Hinton Geoffrey
Department of Computer Science, University of Toronto.
Cogn Sci. 2014 Aug;38(6):1078-101. doi: 10.1111/cogs.12049. Epub 2013 Jun 25.
It is possible to learn multiple layers of non-linear features by backpropagating error derivatives through a feedforward neural network. This is a very effective learning procedure when there is a huge amount of labeled training data, but for many learning tasks very few labeled examples are available. In an effort to overcome the need for labeled data, several different generative models were developed that learned interesting features by modeling the higher order statistical structure of a set of input vectors. One of these generative models, the restricted Boltzmann machine (RBM), has no connections between its hidden units and this makes perceptual inference and learning much simpler. More significantly, after a layer of hidden features has been learned, the activities of these features can be used as training data for another RBM. By applying this idea recursively, it is possible to learn a deep hierarchy of progressively more complicated features without requiring any labeled data. This deep hierarchy can then be treated as a feedforward neural network which can be discriminatively fine-tuned using backpropagation. Using a stack of RBMs to initialize the weights of a feedforward neural network allows backpropagation to work effectively in much deeper networks and it leads to much better generalization. A stack of RBMs can also be used to initialize a deep Boltzmann machine that has many hidden layers. Combining this initialization method with a new method for fine-tuning the weights finally leads to the first efficient way of training Boltzmann machines with many hidden layers and millions of weights.

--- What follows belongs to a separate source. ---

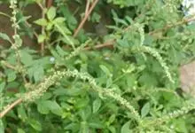 反枝苋是苋科苋属的一年生草本植物。株高达1米;茎密被柔毛;叶菱状卵形或椭圆状卵形,先端锐尖或尖凹,两面及边缘被柔毛,下面毛较密;穗状圆锥花序,顶生花穗较侧生者长;花被片长圆形或长圆状倒卵形,…全部>>

通过前馈神经网络反向传播误差导数来学习多层非线性特征是可行的。当有大量带标签的训练数据时,这是一种非常有效的学习方法,但对于许多学习任务来说,可用的带标签示例很少。为了克服对带标签数据的需求,人们开发了几种不同的生成模型,这些模型通过对一组输入向量的高阶统计结构进行建模来学习有趣的特征。其中一种生成模型,即受限玻尔兹曼机(RBM),其隐藏单元之间没有连接,这使得感知推理和学习变得更加简单。更重要的是,在学习了一层隐藏特征之后,这些特征的活动可以用作另一个RBM的训练数据。通过递归地应用这个想法,可以学习到一个越来越复杂的特征的深度层次结构,而无需任何带标签的数据。然后,这个深度层次结构可以被视为一个前馈神经网络,可以使用反向传播进行有区别的微调。使用一堆RBM来初始化前馈神经网络的权重,可以使反向传播在更深的网络中有效地工作,并导致更好的泛化。一堆RBM也可以用来初始化一个有许多隐藏层的深度玻尔兹曼机。将这种初始化方法与一种新的权重微调方法相结合,最终产生了第一种有效训练具有许多隐藏层和数百万权重的玻尔兹曼机的方法。